I'm going to burn the building down.


----------



## Guest (Sep 30, 2007)

I'll post in this thread later...

I have a meeting with the Bobs.


----------



## mpr4601 (Mar 24, 2007)

I uh, I don't like my job, and, uh, I don't think I'm gonna go anymore.


----------



## Guest (Sep 30, 2007)

This thread needs more pieces of flair.


----------



## MCPHS401 (Feb 13, 2007)

Just go in and show them your "O" Face


----------



## SOT (Jul 30, 2004)

Do you like to watch kung-fu movies?


----------



## kwflatbed (Dec 29, 2004)

*Here Is Your Chief*

*Chief O'Hara*

*Occupation:* Chief of Police
*Marital Status:* Single
*Group affiliation:* Duckburg Police Department
*Base of operations:* Duckburg

Chief O'Hara is the chief of police in Duckburg and one of Mickey Mouse's best friends.


----------



## 94c (Oct 21, 2005)

I thought Chief O'Hara worked in Gotham City with Commissioner Gordon?

Did he take a lateral? 

Going from NY to MA did he have to take the exam and did his academy carry over?

Does he get the Quinn Bill?


----------



## hupd451 (Nov 20, 2002)

:l: :l: :l:


----------



## MARINECOP (Dec 23, 2003)

RyanR said:


> Hello,
> Name is Ryan and I am looking for a chief to sponsor me for police academy. I live in Athol, MA so any surrounding towns will do. I am really trying to start a career in law enforcement and this would be a great stepping stone. Any help would be great and i am willing to have a interview before you decide to see what you are sponsoring. Thank you.

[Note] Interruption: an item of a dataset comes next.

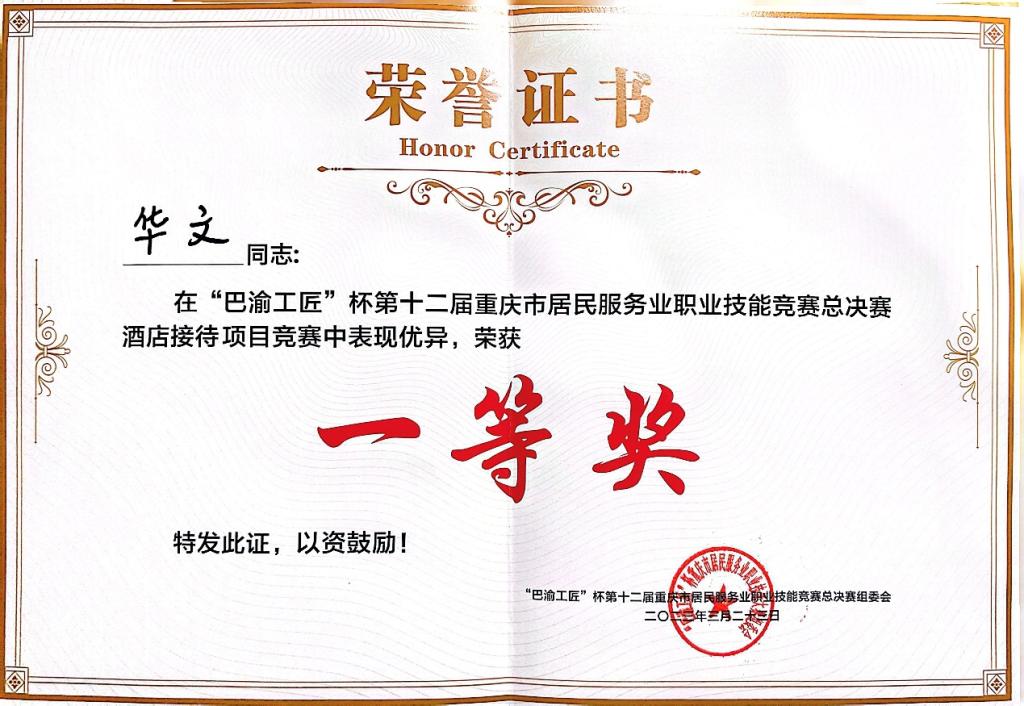 Kaiyun官方网站登录入口华文老师荣获“巴渝工匠”杯第十二届重庆市居民服务业职业技能竞赛酒店接待赛项一等奖

 Any relation to *Michael Bolton?*


----------



## lofu (Feb 25, 2006)

Damn It Feels Good To Be A Gangsta


----------



## Barbrady (Aug 5, 2004)

And I said, I don't care if they lay me off either, because I told, I told Bill that if they move my desk one more time, then, then I'm, I'm quitting, I'm going to quit. And, and I told Don too, because they've moved my desk four times already this year, and I used to be over by the window, and I could see the squirrels, and they were married, but then, they switched from the Swingline to the Boston stapler, but I kept my Swingline stapler because it didn't bind up as much, and I kept the staples for the Swingline stapler and it's not okay because if they take my stapler then I'll set the building on fire...


----------



## 4ransom (Mar 1, 2006)

Yea well that may be true... But at least I never slept with Lumberg.....


----------



## mikey742 (Mar 4, 2005)

I definitely missed something in this thread


----------



## TacOps (Nov 28, 2006)

They're referring to Office Space


----------



## Barbrady (Aug 5, 2004)

Fuckin A!....its a classic flick.


----------